**INPUT MATERIAL**:
◆ ◆ ◆ ◆ ◆ ◆ ◆

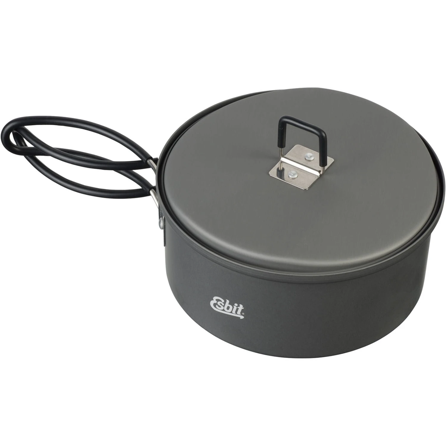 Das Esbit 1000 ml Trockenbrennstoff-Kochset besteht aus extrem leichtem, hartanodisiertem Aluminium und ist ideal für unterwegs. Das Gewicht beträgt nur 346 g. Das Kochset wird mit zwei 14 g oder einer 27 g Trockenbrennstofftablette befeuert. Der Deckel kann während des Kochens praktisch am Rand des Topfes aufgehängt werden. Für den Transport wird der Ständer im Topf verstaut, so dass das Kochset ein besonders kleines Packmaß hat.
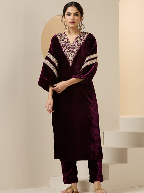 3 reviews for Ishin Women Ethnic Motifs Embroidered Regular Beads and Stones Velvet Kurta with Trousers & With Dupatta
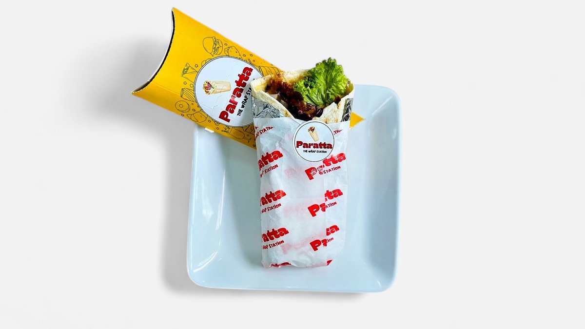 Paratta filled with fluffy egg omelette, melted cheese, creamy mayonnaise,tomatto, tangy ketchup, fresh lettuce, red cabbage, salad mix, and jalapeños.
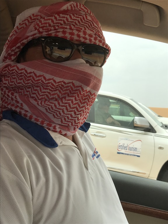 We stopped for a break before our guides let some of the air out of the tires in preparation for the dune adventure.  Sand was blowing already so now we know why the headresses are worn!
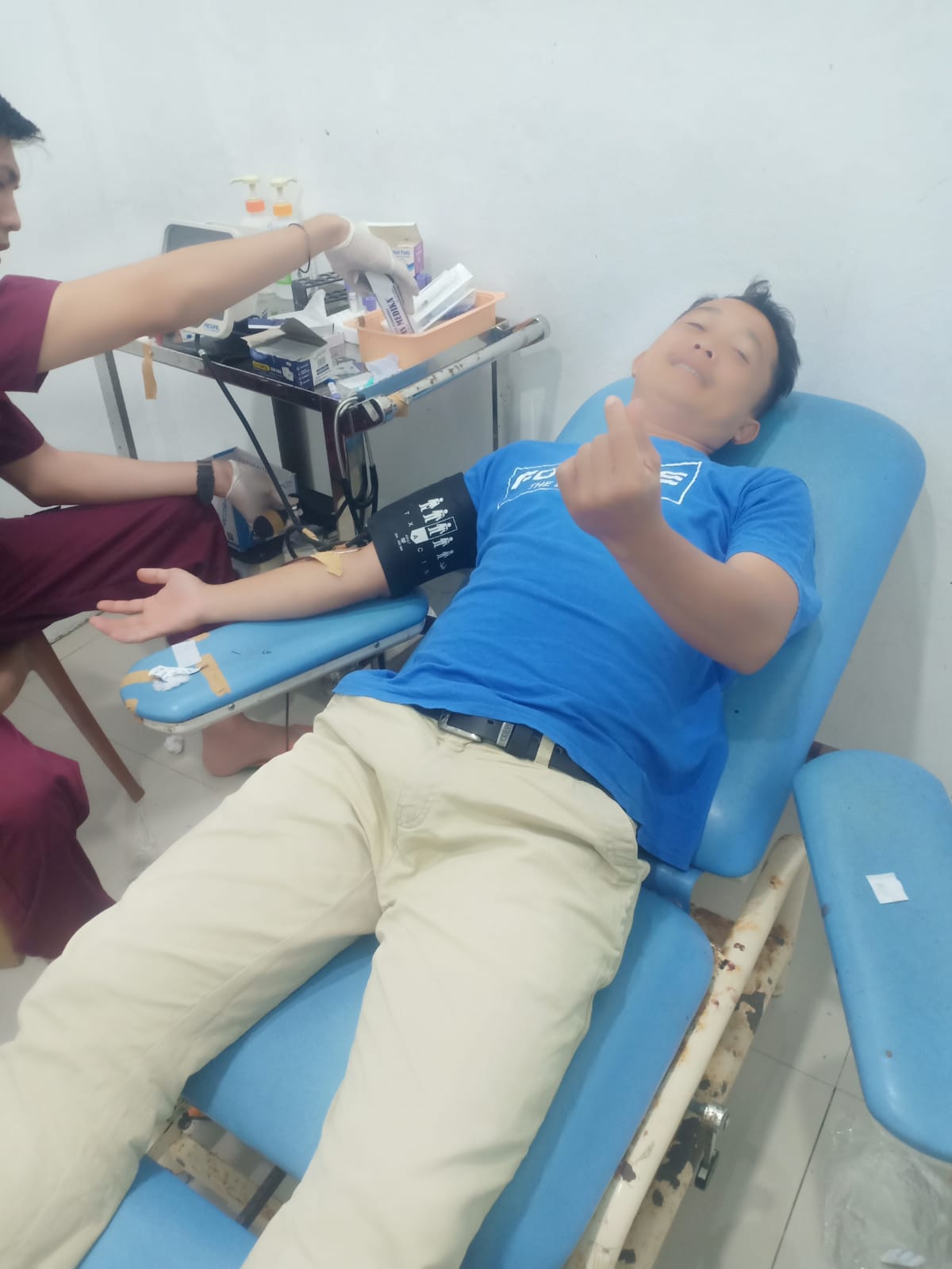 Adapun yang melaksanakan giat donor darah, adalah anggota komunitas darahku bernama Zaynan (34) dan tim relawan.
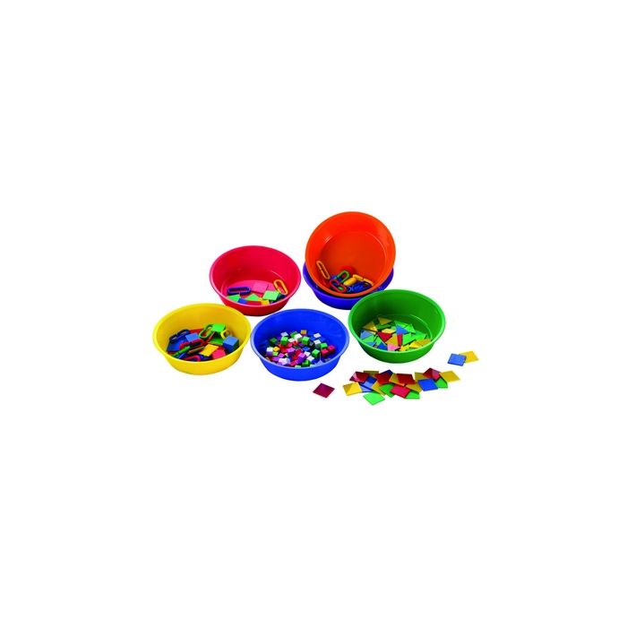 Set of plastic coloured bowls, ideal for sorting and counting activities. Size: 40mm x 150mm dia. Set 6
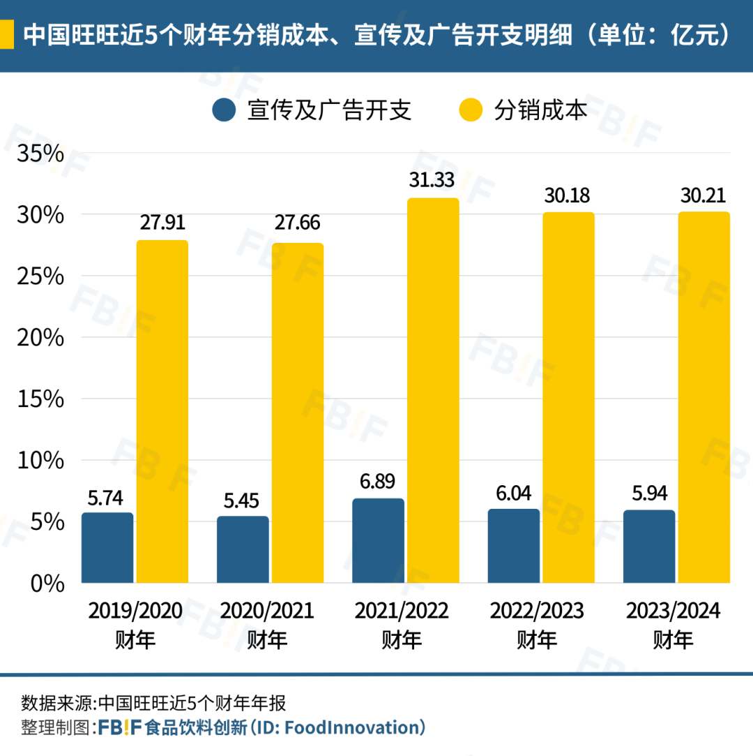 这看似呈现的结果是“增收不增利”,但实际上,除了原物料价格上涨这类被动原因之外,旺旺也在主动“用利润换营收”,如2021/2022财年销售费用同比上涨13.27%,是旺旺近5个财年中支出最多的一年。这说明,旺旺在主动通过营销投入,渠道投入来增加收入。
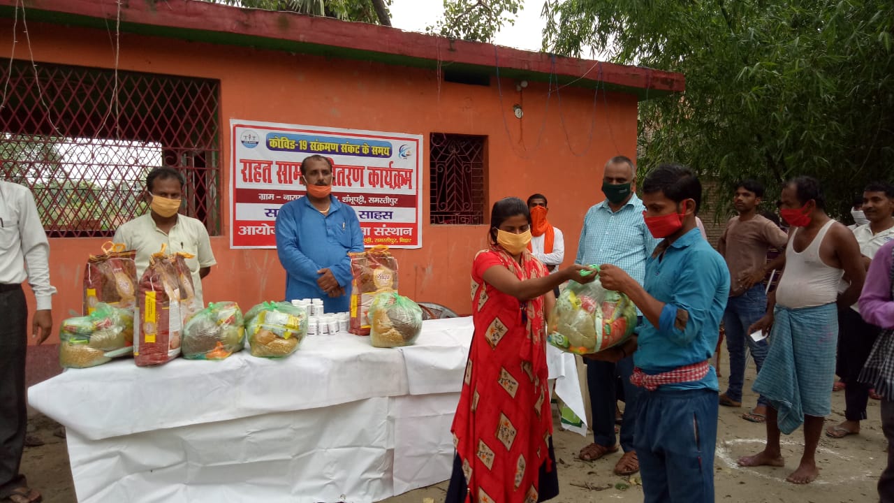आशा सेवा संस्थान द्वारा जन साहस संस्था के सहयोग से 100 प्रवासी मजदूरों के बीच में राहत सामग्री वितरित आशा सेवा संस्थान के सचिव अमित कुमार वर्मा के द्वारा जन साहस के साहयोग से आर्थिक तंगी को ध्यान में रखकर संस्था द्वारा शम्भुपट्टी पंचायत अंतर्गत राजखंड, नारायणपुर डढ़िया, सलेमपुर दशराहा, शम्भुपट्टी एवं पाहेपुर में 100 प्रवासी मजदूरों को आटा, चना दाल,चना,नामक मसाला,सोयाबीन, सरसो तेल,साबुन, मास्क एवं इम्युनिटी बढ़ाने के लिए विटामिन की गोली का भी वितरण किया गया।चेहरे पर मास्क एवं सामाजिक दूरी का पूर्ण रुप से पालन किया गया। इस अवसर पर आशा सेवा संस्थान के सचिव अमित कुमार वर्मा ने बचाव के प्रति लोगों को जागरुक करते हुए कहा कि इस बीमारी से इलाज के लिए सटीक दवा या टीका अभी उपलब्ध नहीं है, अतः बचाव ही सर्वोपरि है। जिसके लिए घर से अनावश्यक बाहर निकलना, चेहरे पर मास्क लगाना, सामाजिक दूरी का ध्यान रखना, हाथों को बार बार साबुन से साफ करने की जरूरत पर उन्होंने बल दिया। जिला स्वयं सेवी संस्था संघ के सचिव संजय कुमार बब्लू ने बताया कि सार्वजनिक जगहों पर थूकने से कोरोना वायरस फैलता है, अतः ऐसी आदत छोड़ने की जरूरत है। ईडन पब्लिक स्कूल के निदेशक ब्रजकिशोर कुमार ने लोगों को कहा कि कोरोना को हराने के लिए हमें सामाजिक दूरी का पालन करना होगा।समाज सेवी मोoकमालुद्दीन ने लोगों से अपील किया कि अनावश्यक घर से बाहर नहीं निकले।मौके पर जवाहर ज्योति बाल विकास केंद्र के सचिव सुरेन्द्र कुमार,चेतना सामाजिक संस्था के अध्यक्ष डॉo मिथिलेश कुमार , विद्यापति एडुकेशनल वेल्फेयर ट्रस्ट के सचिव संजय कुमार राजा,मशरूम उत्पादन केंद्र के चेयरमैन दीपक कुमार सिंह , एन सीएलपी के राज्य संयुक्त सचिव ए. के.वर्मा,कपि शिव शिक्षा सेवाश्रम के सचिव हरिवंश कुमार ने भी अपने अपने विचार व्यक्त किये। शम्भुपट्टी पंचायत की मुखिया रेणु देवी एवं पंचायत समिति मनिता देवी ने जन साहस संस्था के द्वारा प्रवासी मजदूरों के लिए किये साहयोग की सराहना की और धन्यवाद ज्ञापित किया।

◆ ◆ ◆ ◆ ◆ ◆ ◆

**AIM OF THE EXERCISE**: Starting with the first line of the material above and ending with the line that holds "Adapun yang melaksanakan", write out those lines exactly, without pictures.

**RESPONSE AREA**:
 Das Esbit 1000 ml Trockenbrennstoff-Kochset besteht aus extrem leichtem, hartanodisiertem Aluminium und ist ideal für unterwegs. Das Gewicht beträgt nur 346 g. Das Kochset wird mit zwei 14 g oder einer 27 g Trockenbrennstofftablette befeuert. Der Deckel kann während des Kochens praktisch am Rand des Topfes aufgehängt werden. Für den Transport wird der Ständer im Topf verstaut, so dass das Kochset ein besonders kleines Packmaß hat.
 3 reviews for Ishin Women Ethnic Motifs Embroidered Regular Beads and Stones Velvet Kurta with Trousers & With Dupatta
 Paratta filled with fluffy egg omelette, melted cheese, creamy mayonnaise,tomatto, tangy ketchup, fresh lettuce, red cabbage, salad mix, and jalapeños.
 We stopped for a break before our guides let some of the air out of the tires in preparation for the dune adventure.  Sand was blowing already so now we know why the headresses are worn!
 Adapun yang melaksanakan giat donor darah, adalah anggota komunitas darahku bernama Zaynan (34) dan tim relawan.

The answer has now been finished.